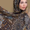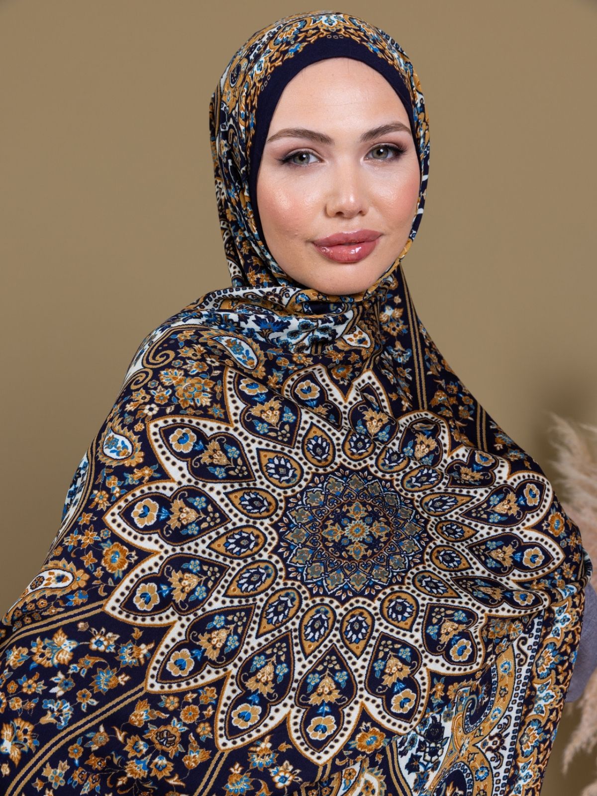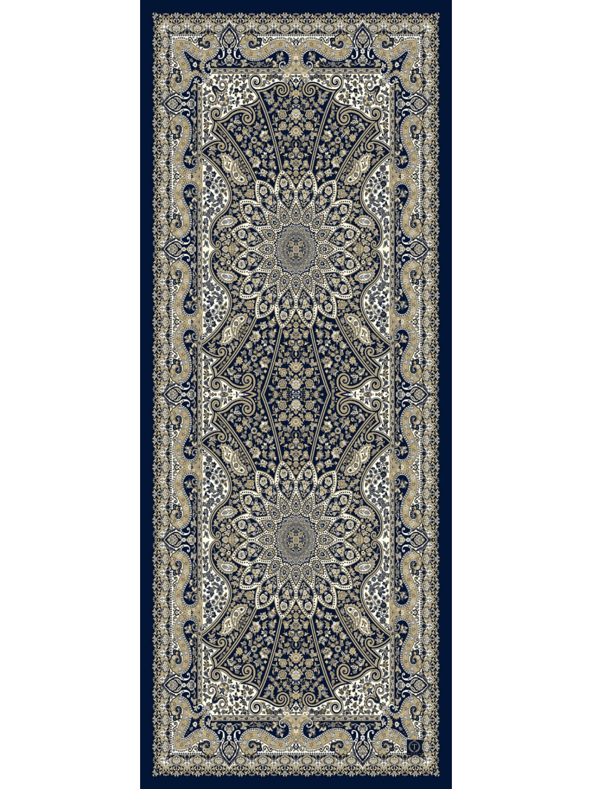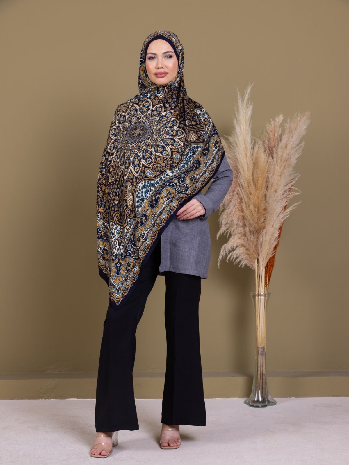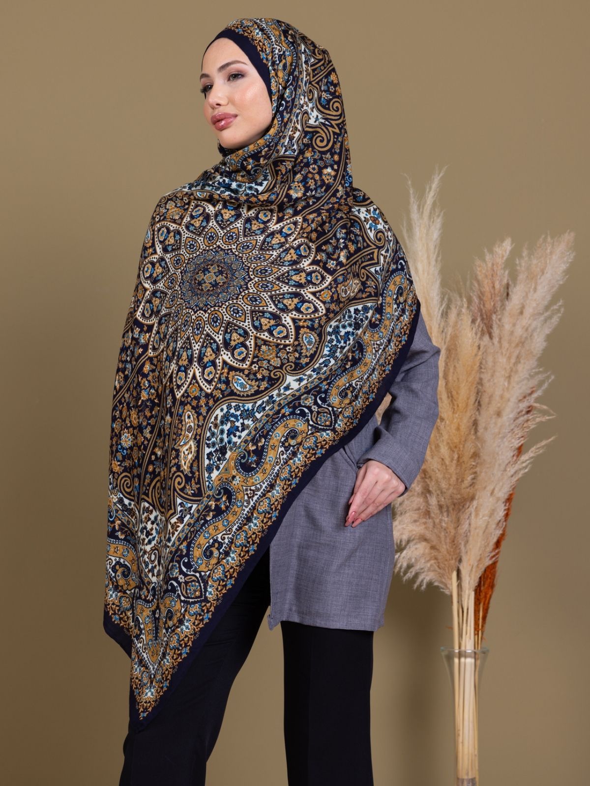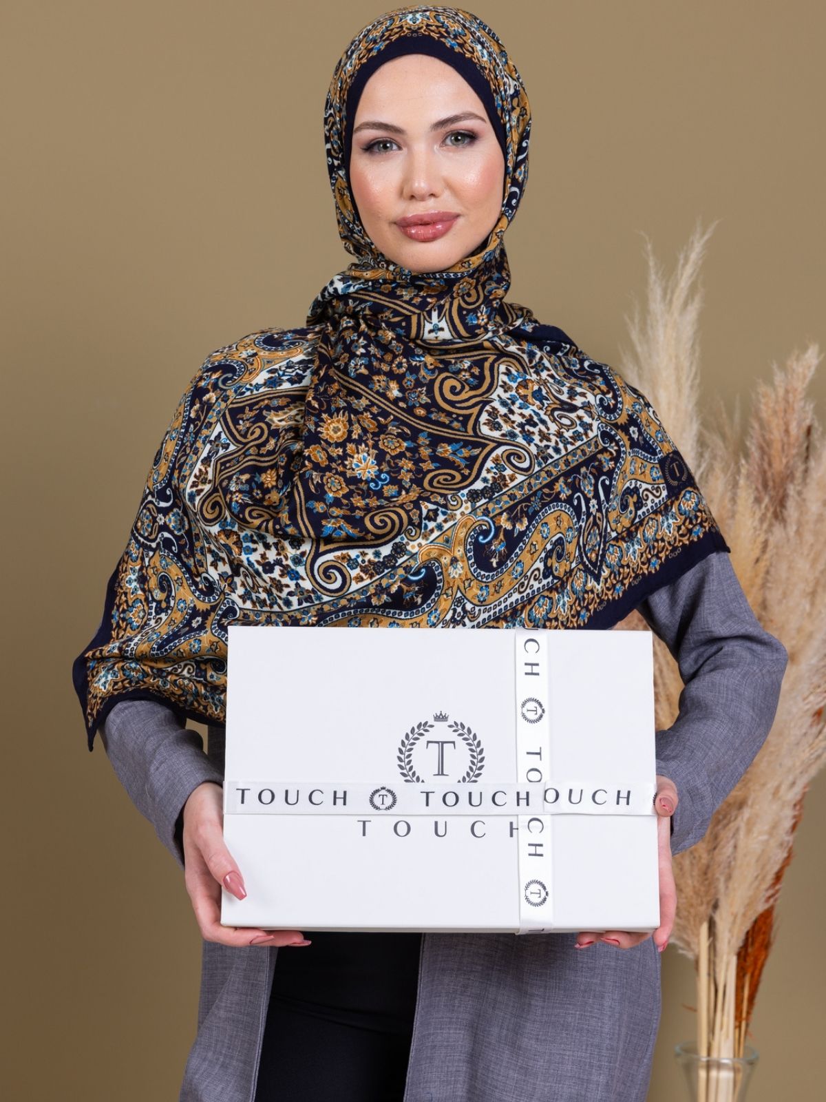 Gece Mavisi Zambak Desenli Yün İpek Şal – Touch İpek
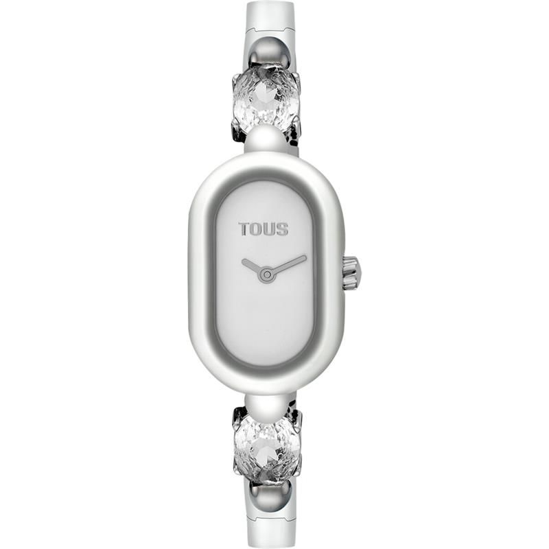 Reloj TOUS Watches para mujer de la colección TOUS Color fabricado en acero inoxidable plateado con cristal de roca. Este atractivo reloj cuenta con caja ovalada que contiene esfera plateada al igual que sus agujas movidas por mecanismo de cuarzo analógico. Todo ello protegido por cristal mineral. Su brazalete es de acero inoxidable plateado con piedras cristal de roca. Cuenta con cierre de joyería y es resistente al agua hasta 3 ATM.
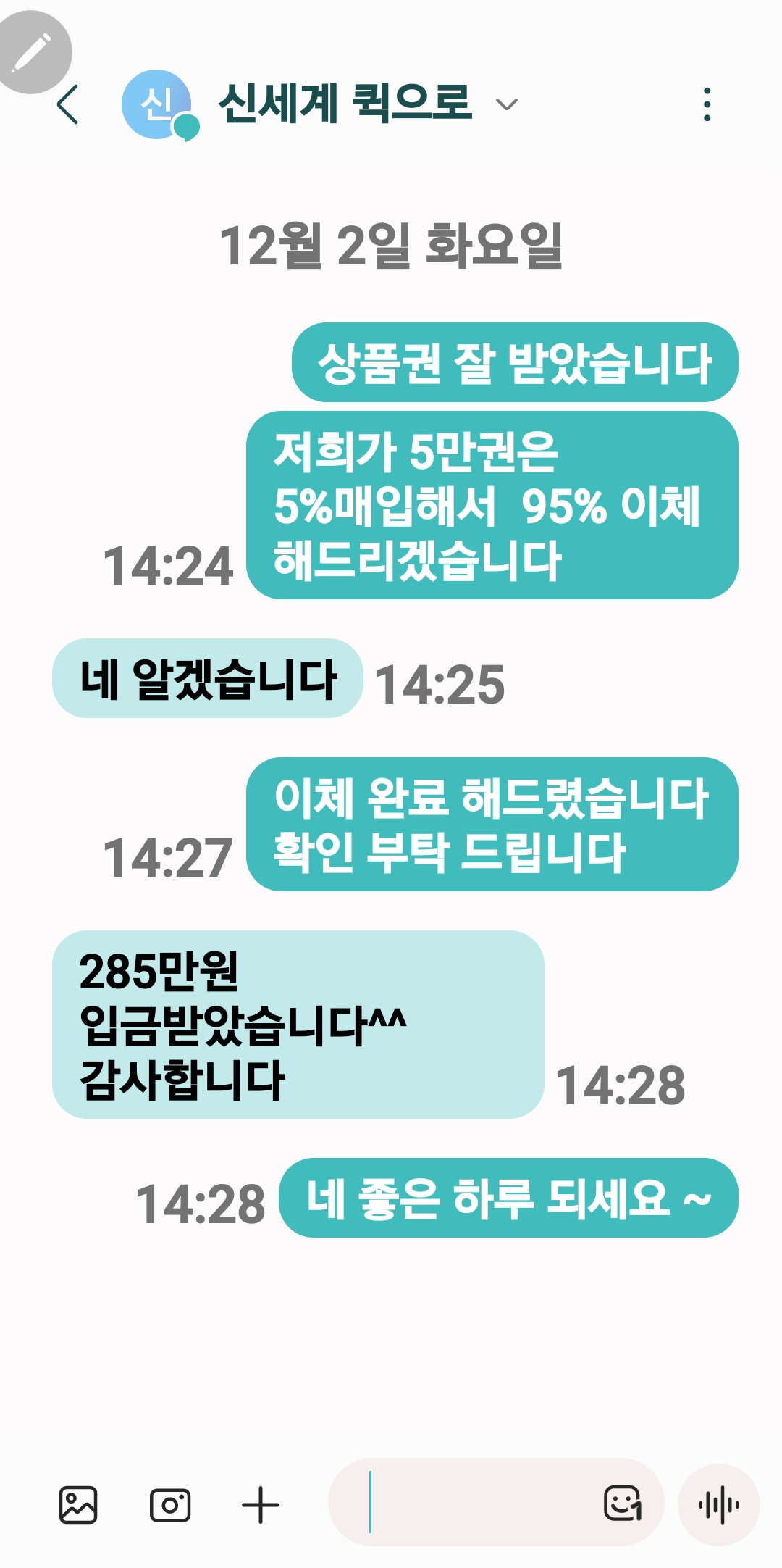 “신세계상품권 300만원 퀵으로 보내드릴게요” 하고 먼저 연락을 주셨습니다.
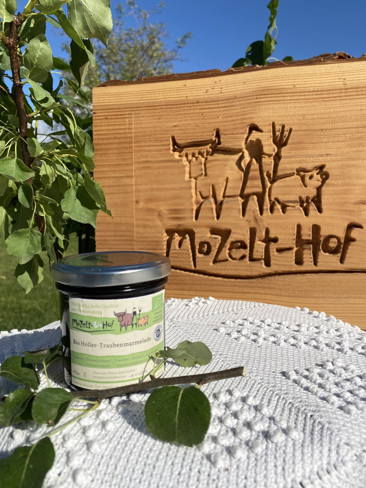 Die Holler Traubenmarmelade ist unsere besondere Marmelade. Sie wird aus den wertvollen Hollerbeeren und süßen Trauben hergestellt.
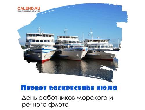 День работников морского и речного флота отмечается ежегодно в первое воскресенье июля. Этот профессиональный праздник выражает уважение к труду работников гражданского флота, не прекращавшемуся и в годы войны, и в мирное время. Сегодня морской и речной флот РФ активно развивается и является одной из передовых отраслей экономики — по протяженности внутренние водные пути практически в два раза превышают федеральные автомобильные дороги, и большая часть из этих путей не имеет альтернатив по возможностям доставки грузов и пассажиров.
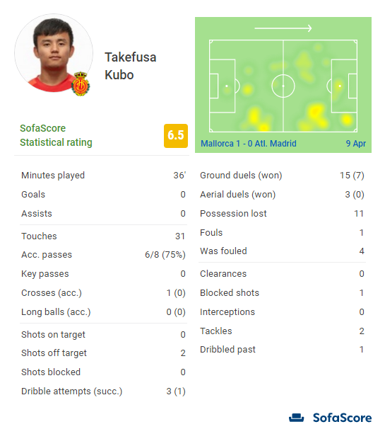 【速報】マジョルカ久保さん、アトレティコ戦のスタッツwwwww
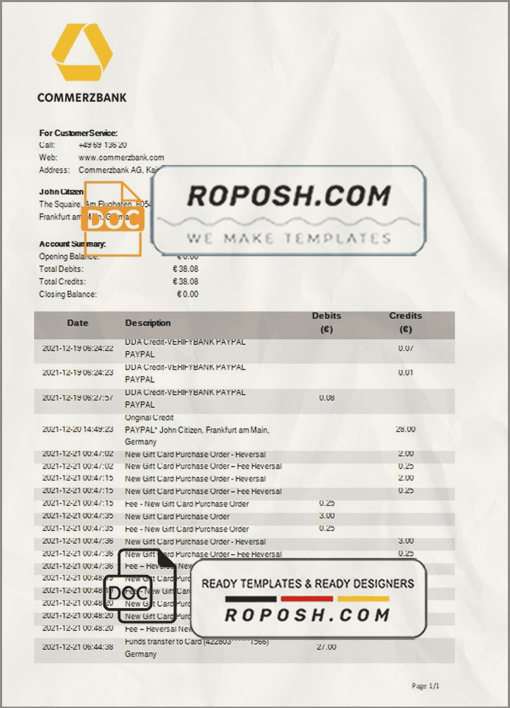 Grab now fully editable Germany Commerzbank bank statement Word Template from our website Roposh and put your own info to create Realistic Bank Statement Word template and ready your own novelty documents. It’ll be so beneficial if your Bank Statement is expired, stolen or not available.We also have editable credit card, ID Card psd template, Bank Statement psd template, drivers license psd template & printable editable blank utility bill template.

## WHAT THE TASK REQUIRES
The records above are to be repeated exactly, with every picture removed from the copy.

## EXERCISE RESULT
 Gece Mavisi Zambak Desenli Yün İpek Şal – Touch İpek
 Reloj TOUS Watches para mujer de la colección TOUS Color fabricado en acero inoxidable plateado con cristal de roca. Este atractivo reloj cuenta con caja ovalada que contiene esfera plateada al igual que sus agujas movidas por mecanismo de cuarzo analógico. Todo ello protegido por cristal mineral. Su brazalete es de acero inoxidable plateado con piedras cristal de roca. Cuenta con cierre de joyería y es resistente al agua hasta 3 ATM.
 “신세계상품권 300만원 퀵으로 보내드릴게요” 하고 먼저 연락을 주셨습니다.
 Die Holler Traubenmarmelade ist unsere besondere Marmelade. Sie wird aus den wertvollen Hollerbeeren und süßen Trauben hergestellt.
 День работников морского и речного флота отмечается ежегодно в первое воскресенье июля. Этот профессиональный праздник выражает уважение к труду работников гражданского флота, не прекращавшемуся и в годы войны, и в мирное время. Сегодня морской и речной флот РФ активно развивается и является одной из передовых отраслей экономики — по протяженности внутренние водные пути практически в два раза превышают федеральные автомобильные дороги, и большая часть из этих путей не имеет альтернатив по возможностям доставки грузов и пассажиров.
 【速報】マジョルカ久保さん、アトレティコ戦のスタッツwwwww
 Grab now fully editable Germany Commerzbank bank statement Word Template from our website Roposh and put your own info to create Realistic Bank Statement Word template and ready your own novelty documents. It’ll be so beneficial if your Bank Statement is expired, stolen or not available.We also have editable credit card, ID Card psd template, Bank Statement psd template, drivers license psd template & printable editable blank utility bill template.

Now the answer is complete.